Towards a Big Data History of Music

By Thomas Delpeut & Mascha van Nieuwkerk

The ‘A Big Data History of Music’ project is not short in its ambitions. Initiated by Stephen Rose from the Royal Holloway University and Sandra Tuppen from the British Library, the collaborative project brings together several of the world’s biggest musical-bibliographical databases and aims to inspire new musicological research to quantitatively analyse and visualise Western music history with the help of digital tools. During a workshop and symposium on March 10^th and 11^th in the British Library in London, the work in progress project was presented and researchers were invited to experiment with the data and reflect on its use.

The combined dataset contains over a million catalogue records of musical scores from over forty thousand composers. This information is mainly derived from six prominent library databases, themselves being the product of cumulative bibliographical research and focusing on different periods – between 1500 and the present – and different forms of sheet music – from manuscript to published scores and volumes of printed music. The core of this project is constructed from the depositories of the Répertoire International des Sources Musicales (RISM) and the Musical Collections of the British Library. [For a complete overview of these databases, see this article by Stephen Rose and Sandra Tuppen].

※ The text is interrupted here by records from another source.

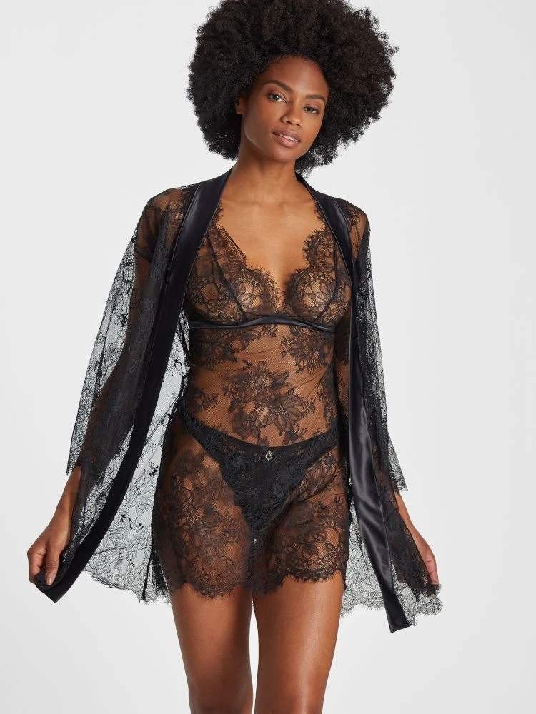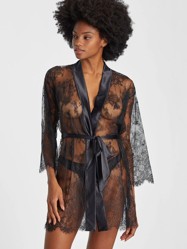 Der sinnliche Morgenmantel aus transparenter Eye-Lash Spitze hat aufgrund des Kimono Schnitts breite, trompetenartige Ärmel und einen Gürtel. Der Ausschnitt des Kimonos ist in schwarzes Satin eingefasst und somit aus dem gleichen Stoff wie der abnehmbare Gürtel. Er ist etwa 85cm lang und reicht bis zur Mitte des Oberschenkels. Das edle Satinband um der Taille definiert den Körper und seine Kurven und verleiht dem Mantel einen luxuriösen Touch.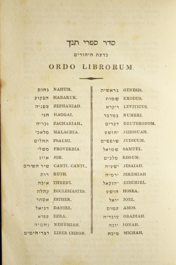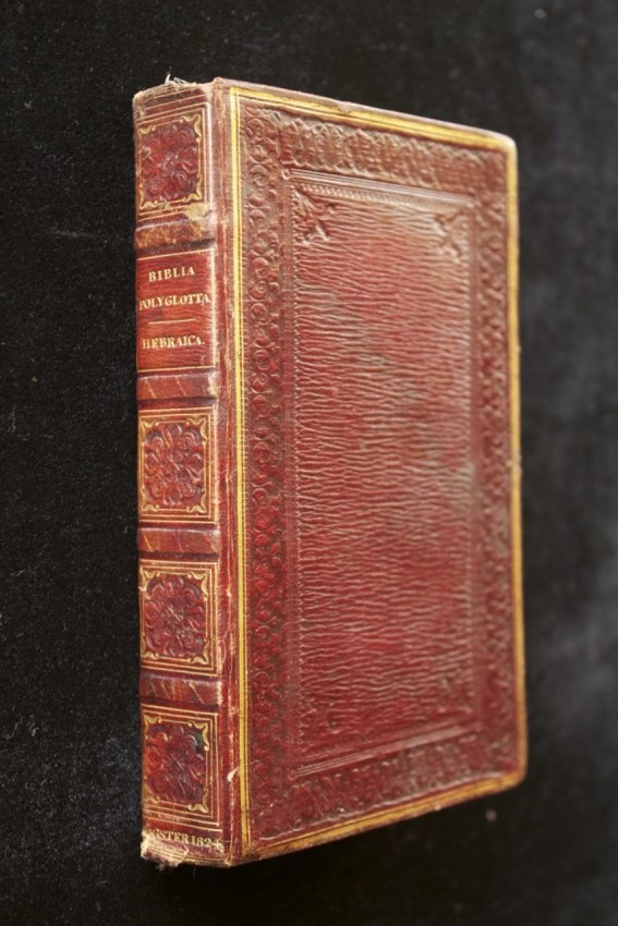 A very attractive copy in contemporary wine-red straight-grained morocco gilt, blind tooled borders to boards, the spine with raised bands separating gilt-bordered blind-embossed panels, title in gilt "Biblia Polyglotta / Hebraica".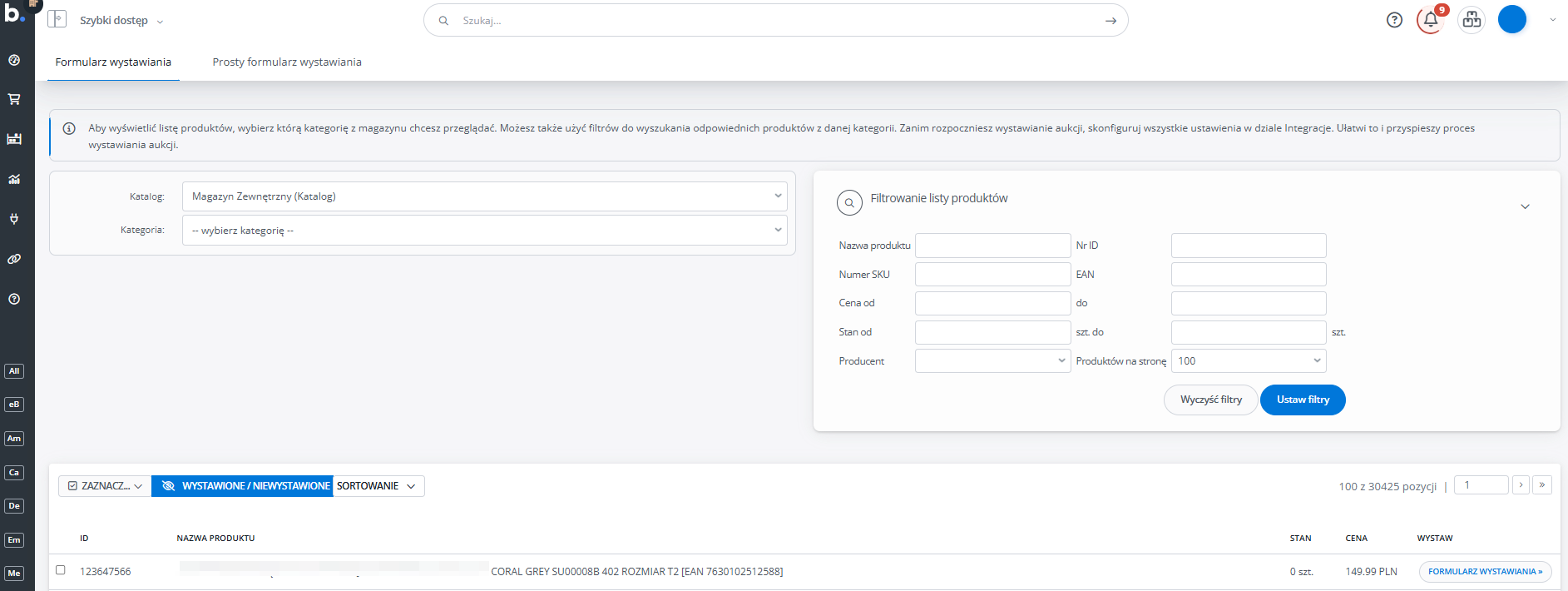 Każdy produkt możesz wystawić pojedynczo, klikając w "Formularz wystawiania". Możesz też wystawić jednocześnie więcej produktów. Po wybraniu właściwych produktów wystarczy wybrać niebieski przycisk „Wystaw zaznaczone (formularz)”, aby przejść do formularza wystawiania oferty.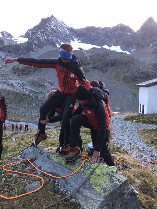 Am Abend stand dann noch ein kleiner Wettbewerb auf dem Programm: Geschicklichkeit mit Steigeisen und Handschuhen. Gar nicht so leicht, wie es aussieht – aber der Kampfgeist war trotz voller Bäuche definitiv geweckt. So gaben wir alles und die wohlverdienten Sieger durften sich über kleine Berg Goodies freuen. Natürlich darf auch der gemütliche Teil nicht fehlen - bei Jass und Getränken geht der Tag wunderbar zu Ende.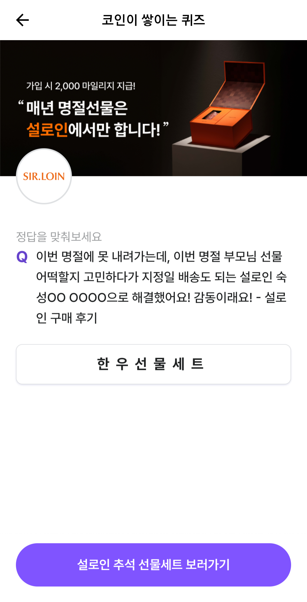 정답 👉 한우선물세트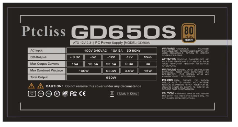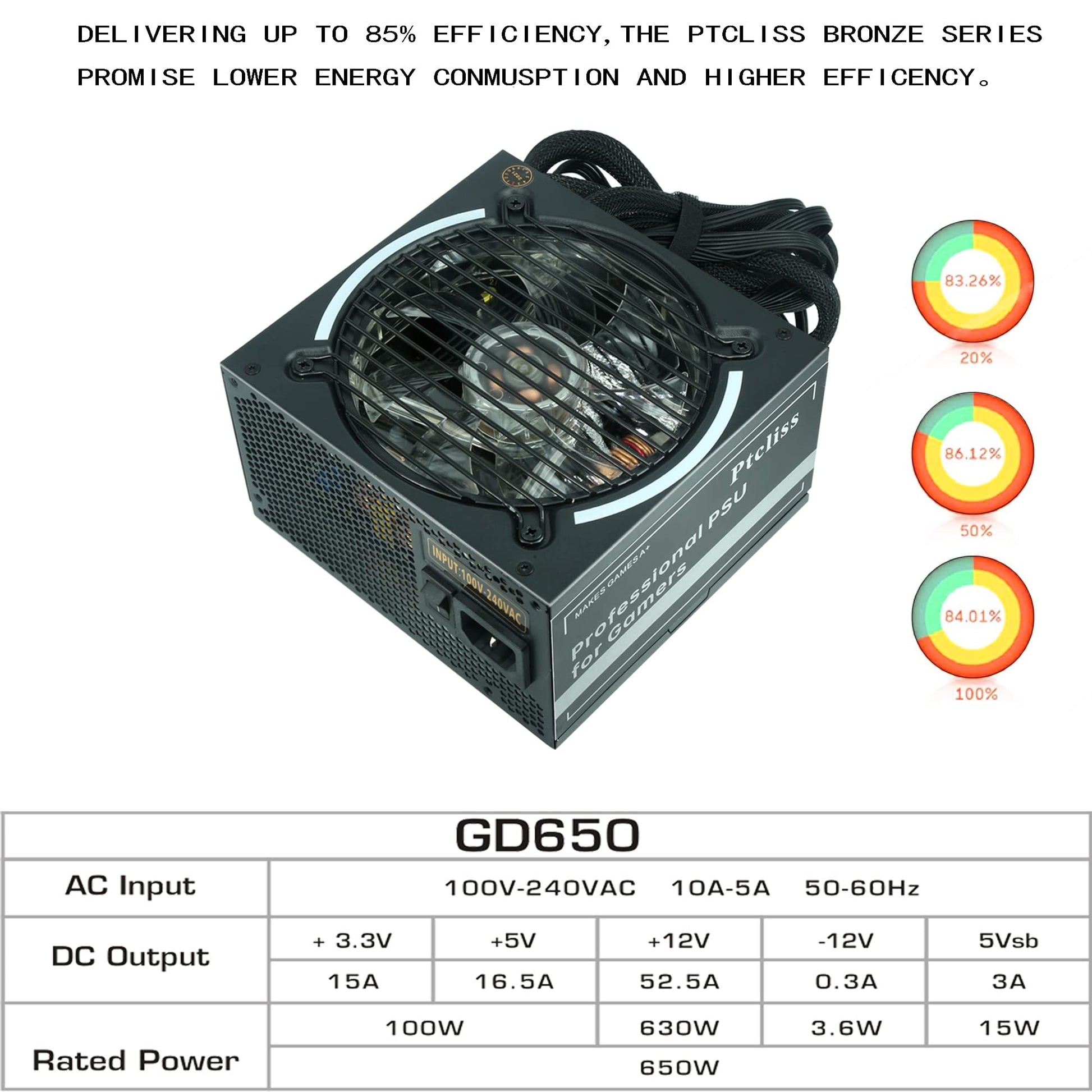 Details: Ptcliss 650W GD650S ATX Gaming PC Power Supply 80+ Bronze PSU Non-Modular Power Supply Flat Black Cables RGB LED Fan

By bringing this data together, the project attempts to incite new research concerning patterns in the production and distribution of music scores and aspects such as changing musical taste, compositional genres, canon formations, and the geographical transmission of music. The database does not only encompass the works of the most prominent composers, it also allows to study the enormous amount of unknown and peripheral composers – or ‘the Great Unheard’, a play on Morretti’s ‘Great Unread’. During the second day of the event, several scholars were invited to speak about the database and their digital musicological research. Laurent Pugin (RISM Switzerland) spoke about visualising and working with the RISM data. Marnix van Berchum (Utrecht University, DANS) addressed networks of early music sources and Tim Crawford and Ben Fields (Goldsmiths, London) discussed musical collections and social networks.

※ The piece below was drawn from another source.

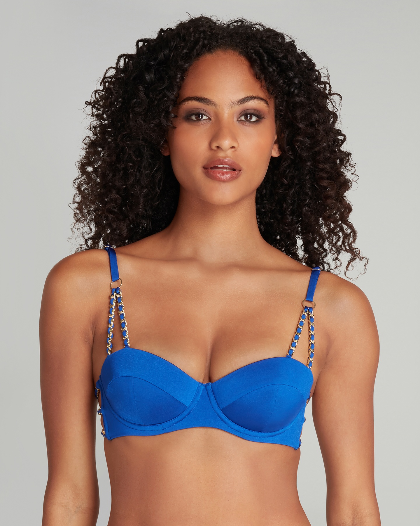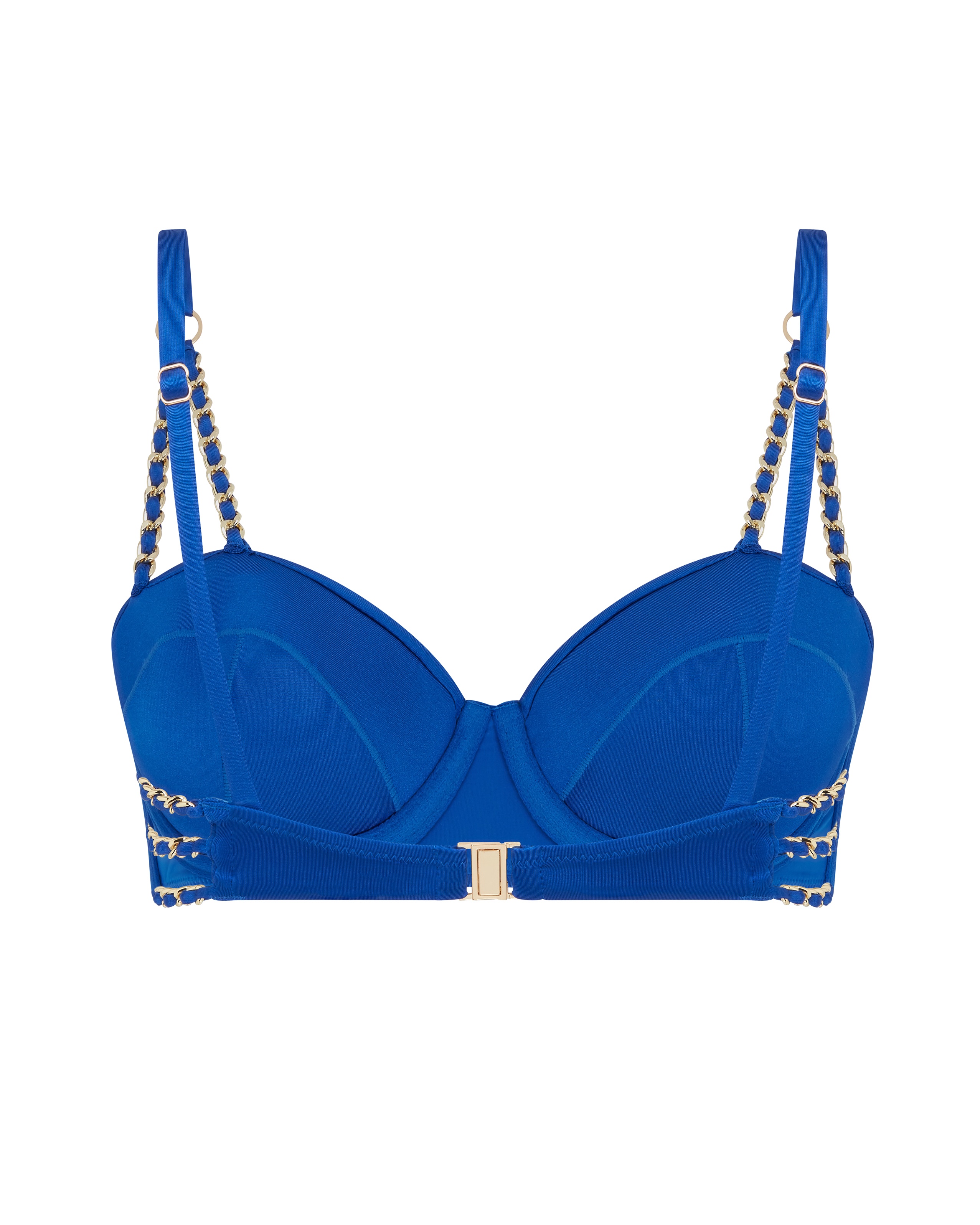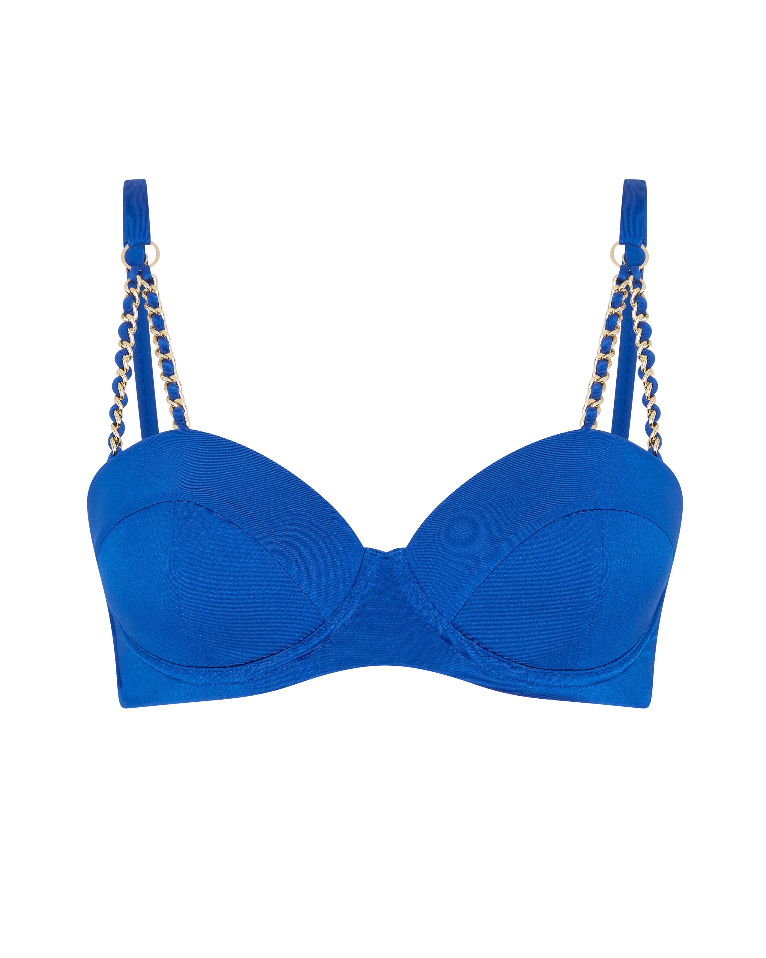 Топ купальника Montie синего цвета в стиле балконет: чашки с косточками и мягкой вкладкой для поддержки и приподнимающего эффекта. Выполнен из роскошной итальянской купальной ткани. Регулируемые бретели и застежка с покрытием из настоящего золота. Соберите идеальный пляжный комплект с плавками Montie.

A separate database, from the In Concert project, explores new approaches to building a digital archive from varying types of performance datasets based on concert ephemera, such as programmes, bills, and reviews and advertisements published in historical newspapers and periodicals. Cowgills contribution focused mainly on evaluating ways of overcoming the barriers of expertise, volume of data, and the gap between cost and benefit that have hampered such digital musicology projects in the past. Solutions proposed by the In Concert research team include linkage to external sources and a step-by-step curation of sources, based on relevant research questions. From this starting point, the In Concert group is supporting many different small-scale expertise projects that have a very direct relation to performed research. This is an inspiring approach, opposite from the working method of the British Library. Whereas librarians are looking for researchers and digital tools to match their sources, researches such as Cowgill are looking for tools and sources to match their research questions. On such a symposium these matches can be successfully made.

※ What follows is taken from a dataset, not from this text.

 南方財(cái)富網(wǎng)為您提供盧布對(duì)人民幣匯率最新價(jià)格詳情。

Besides the ambitious promises of the combination of databases, considerable attention was also given to their limitations. Due to their heterogeneous nature, aligning the seven databases causes considerable problems. Differences in information and varying levels of detail limit the project from offering one fully integrated database. Aspects such as spelling variations and the diverse ways to categorize the information show that the data still needs extensive pre-processing in order to be fully functionaland in tune with specific research questions. During the Data Exploration Day we experienced this first-hand while using open access software such as Openrefine, Google Fusion Tables and Palladio – presented by Loukia Drosopoulou (Royal Holloway). The project’s initiators are, furthermore, clear about the fact that even after further processing, the databases will never be complete due to archival limitations and will always contain conjectural decisions, man-made errors and outdated information. It would be interesting to see how these limitations are included when the databases will be made publicly available.